(And tips for preparing for them)
Hot flashes: the iconic symptom of perimenopause and menopause. With 80% of women and people with periods experiencing some form of hot flashes in their lifetime, it’s no surprise why. If you’re experiencing irregular periods and hot flashes, here is a simple guide to what might be happening and some remedies you can try out:
What are hot flashes?
A hot flash or hot flush can feel like a rollercoaster of sweats and chills. First comes the overwhelming wave of heat rising through your body, making you sweat and flushing your skin red. Then (some may experience) an immense cold chill.
A hot flash’s intensity, frequency, and severity will vary both on each occasion and from person to person.
Common hot flash traits
- Feeling panicky
- Tingling in the fingers
- Upper body sweat
- A more rapid pulse rate
- A change in blood pressure.
If you experience hot flashes at night and often wake up in a pool of sweat, these are called night sweats.
Over time, many people experience a decrease in their severity and frequency. However, for some, hot flashes can be experienced more long-term, even past the menopause stage.
Why do hot flashes happen?
Currently more research is needed to have a deeper understanding of the what and why behind hot flashes but one theory is that hot flashes are the body’s response to hormonal changes and imbalances, especially with lower levels of estrogen. Your brain can have trouble regulating your internal temperature as a result.
The rush of flushing, or skin becoming suddenly hot and red, is believed to be due to an increase of blood flow to the surface blood vessels. This is common in various areas, such as the hands, chest, neck, face, and ears.
Tips and remedies for hot flashes
Once a hot flush episode begins, it can’t be stopped. Instead, we can reduce the discomfort and prepare for them with a few easy steps.
Layers and breathable fabric
Wearing layers is an easy way to prepare for future episodes and ease the discomfort from the hot flash rollercoaster. Sticking with breathable fabrics, such as organic cotton, is also a great choice.
Hydrate and nourish yourself
Just like with reducing period pains, eating healthy, hydrating, and staying active is a key way to keep your body prepped and ready for hot flashes. In more specific terms, try to avoid high fat and high sugars foods, as well as moving your body enough to raise your heart rate for at least 30 minutes a day. Though a healthy lifestyle can’t eliminate them, it may help reduce the severity and intensity of hot flashes.
Hormone replacement therapy (HRT)
Hormone replacement therapy (HRT) can help mitigate most symptoms of the perimenopause including hot flushes. Generally, the benefits HRT provides far outweigh any associated risks. It’s worth talking to your doctor about this as an option and fully assessing the pro and cons this may provide for you.
Identify your triggers
Everyone and every body is different. Through trial and error, you may be able to find personal triggers for your hot flashes. Common ones include spicy food, caffeine, alcohol, and hot drinks.
Carry a portable fan
In a jiffy, anything can become a quick fan to help you cool down. But if you want to take your hot flash preparation to the next level, carry a portable fan in your arsenal. They’re compact, light, and provide excellent wind flow. You can opt for a traditional Japanese style fan or a smaller foldable frisbee.

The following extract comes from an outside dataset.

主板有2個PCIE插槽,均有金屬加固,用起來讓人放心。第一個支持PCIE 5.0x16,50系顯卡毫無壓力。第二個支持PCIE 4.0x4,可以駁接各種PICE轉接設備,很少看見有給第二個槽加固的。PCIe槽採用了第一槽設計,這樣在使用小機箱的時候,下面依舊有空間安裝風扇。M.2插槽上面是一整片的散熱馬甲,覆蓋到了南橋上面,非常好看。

Reduce stress as much as possible
Hot flashes can be a stressful experience. From the mystery of when it will come to the discomfort of the episode itself, developing your own stress relief routine may be helpful. Many say practicing slow breathing has been really helpful. If moving meditation is more your speed, try a slow and mindful walk in the fresh air by focusing on your steps.
Try natural homeopathy
Some people who experience hot flashes have found nutritional supplements helpful in reducing discomfort. However, studies on universal effectiveness have not been substantial. If you want to give them a try here are a few examples: phytoestrogens (soy isoflavones), botanicals (red clover), antioxidant vitamins (vitamin E), herbal apothecary (black cohosh, St. John wort, dong quai, evening primrose oil), may help, but studies are out on the universal effectiveness.

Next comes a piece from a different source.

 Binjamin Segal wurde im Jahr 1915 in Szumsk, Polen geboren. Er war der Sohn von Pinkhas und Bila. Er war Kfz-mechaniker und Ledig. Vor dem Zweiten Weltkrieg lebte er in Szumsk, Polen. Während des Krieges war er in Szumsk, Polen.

Acupuncture is growing in popularity as a natural pain relief approach for various types of pain, including menstrual cramps and hot flashes. It works by placing small needles purposefully in various spots on the body that correlate to what you’re experiencing.

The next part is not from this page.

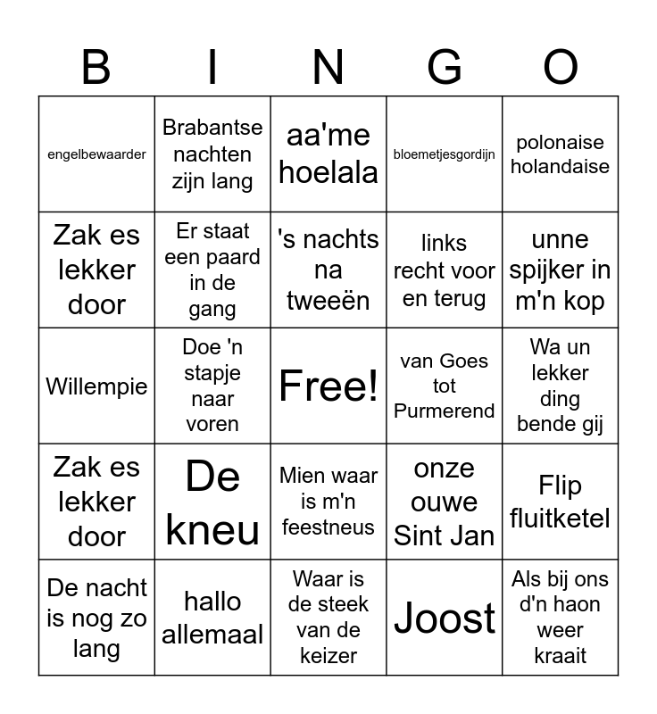This bingo card has a free space and 35 words: Liever te dik in de kist, Ons moeder zeej nog, Bloemkolen, Er staat een paard in de gang, Mien waar is m'n feestneus, bloemetjesgordijn, Zak es lekker door, Als het gras twee kontjes hoog is, 's nachts na tweeën, Pizzalied, Willempie, polonaise holandaise, Ik wil op m'n kop een kamerbreed tapijt, bij ons staat op de keukendeur, engelbewaarder, van Goes tot Purmerend, Joost, Doe 'n stapje naar voren, Zak es lekker door, Als bij ons d'n haon weer kraait, onze ouwe Sint Jan, De nacht is nog zo lang, Flip fluitketel, hallo allemaal, aa'me hoelala, unne spijker in m'n kop, ik wil met jou wel 7 weken, ik breng geen bloemen voor je mee, links recht voor en terug, Wa un lekker ding bende gij, Daar mag je alleen maar naar kijken, Waar is de steek van de keizer, De kneu, Brabantse nachten zijn lang and De barg he un krul in de staart.

Smokers tend to have more frequent and intense hot flushes. Nicotine addiction is hard to overcome, but taking steps to reduce your smoking or quit will help. There are also tons of resources online about stopping smoking to help you on the journey.
Choose plastic free
Plastic pads and tampons can also cause you to feel extra sweaty when a hot flash strikes. Plastic free helps your skin to breathe!
Hot flashes can be quite uncomfortable and inconvenient period and menopause symptoms. Everyone will have their own “hot flash script” in terms of frequency, triggers, duration, etc. You know your body best, so if you feel as if anything is not right be sure to talk to your doctor soon.